Gamelin’s husband had long supported a mentally handicapped boy named Dodais and his mother. His death bed wish was for Emilie to continue caring for them. She did. “For the Sisters of Providence, this is an important piece of history,” Prada pointed out. “Back in those days, mentally handicapped people were sent to jails.” Taking care of Dodais gave her the experience of caring for handicapped, which later would be part of the work the Sisters of Providence carried out.

The Sisters of Providence was founded in 1843. By that time, Gamelin was 43 and had realized that her life was very similar to that of a nun. So she became one of the first members, and was named Mother Superior in 1844. As Bishop Bourget put it, she’d made her novitiate in the streets of Montreal all those years. The bishop gave the new order a daunting mission: To take care of everything the other congregations didn’t already do.

Within their first eight years, they’d opened 19 Providence houses serving populations like elderly, orphans, old priests and the mentally handicapped. They took care of typhus victims, opened a school, a hospital and Montreal’s first deaf mute institution.

Then, in 1851, Gamelin contracted cholera. Twelve hours later, she was dead.

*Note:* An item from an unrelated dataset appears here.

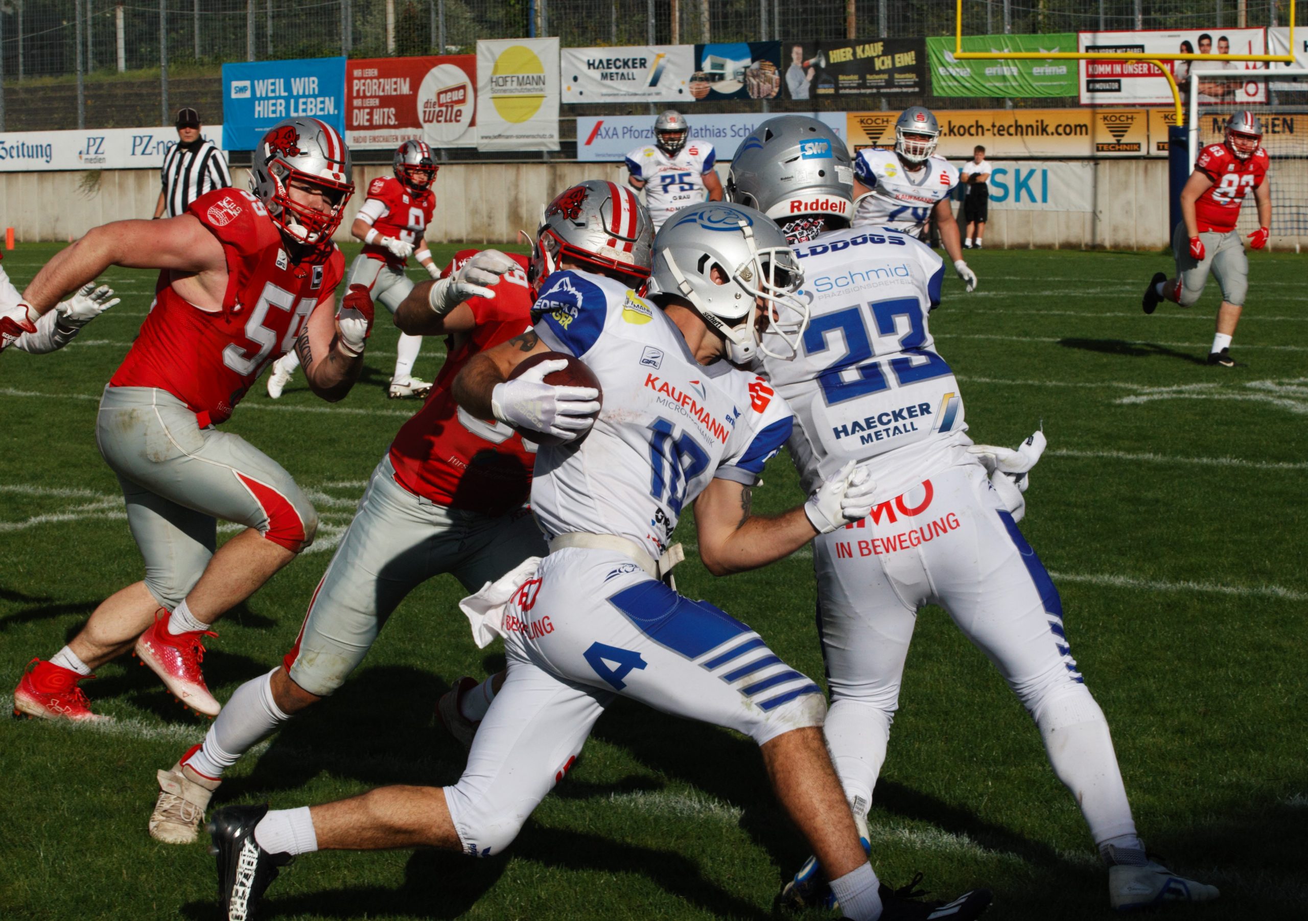 Da waren es nur noch zwei. Zwei Auswärtsspiele noch bis zum Saisonfinale in der Kramski-Arena. Wenn die Saison so weitergeht wie bisher, findet am letzten Spieltag am 7. September das Spiel um den Aufstieg zwischen den Montabaur Fighting Farmers und den Pforzheim Wilddogs statt. Auf dem Weg dahin müssen die Wilddogs jedoch erst einmal in Fürstenfeldbruck am kommenden Samstag abliefern. Nach dem 44:15 im Hinspiel liegt die Favoritenrolle bei den Wilddogs.

Prada showed me a reproduction of Gamelin’s coffin. More than a hundred years after her burial, the tomb and the Providence mother house were moved to their current site, to make way for Montreal’s new subway system. When they exhumed Gamelin’s body, they found that along with her Sisters of Providence cross and her nun ring, she’d been buried with her wedding ring and a little pouch containing hair from her three deceased children. These items were all laid out on her replica tomb.

That’s when I lost it. Her life was so sad, and she’d done so much good. And even though she was a devoted nun and was supposed to put away things from her past life, she’d always kept her wedding ring and her children’s hair. Obedience has a limit. I had no Kleenex, so I sniffled for about five minutes while continuing to ask Prada questions.

I guess what I really took away from these religious women of Quebec was their commitment and unflagging hard work in the face of such a hard, hard life. Nuns are strong, tough people. And they had to be even stronger and tougher in the early days of New France. Gamelin especially touched me. After all she lost, she didn’t give up or drown in self-pity. Instead, she picked herself up and spent the second half of her life helping every type of outcast in the Province. If any one of us could find just one-hundredth of her goodness inside ourselves, we’d make the world such a better place.